Below are some records; output exactly the lines from the line with "A Photo of the" to the line with "Above: A bloody", both ends kept, and nothing more.

ENTRIES SHOWN Start Marker

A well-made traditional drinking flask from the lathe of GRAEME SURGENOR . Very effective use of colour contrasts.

ENTRIES SHOWN End Marker
ENTRIES SHOWN Start Marker

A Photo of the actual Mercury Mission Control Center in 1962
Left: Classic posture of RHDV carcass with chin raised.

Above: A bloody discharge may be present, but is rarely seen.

ENTRIES SHOWN End Marker

**COMPLETED EXERCISE**
A Photo of the actual Mercury Mission Control Center in 1962
Left: Classic posture of RHDV carcass with chin raised.

Above: A bloody discharge may be present, but is rarely seen.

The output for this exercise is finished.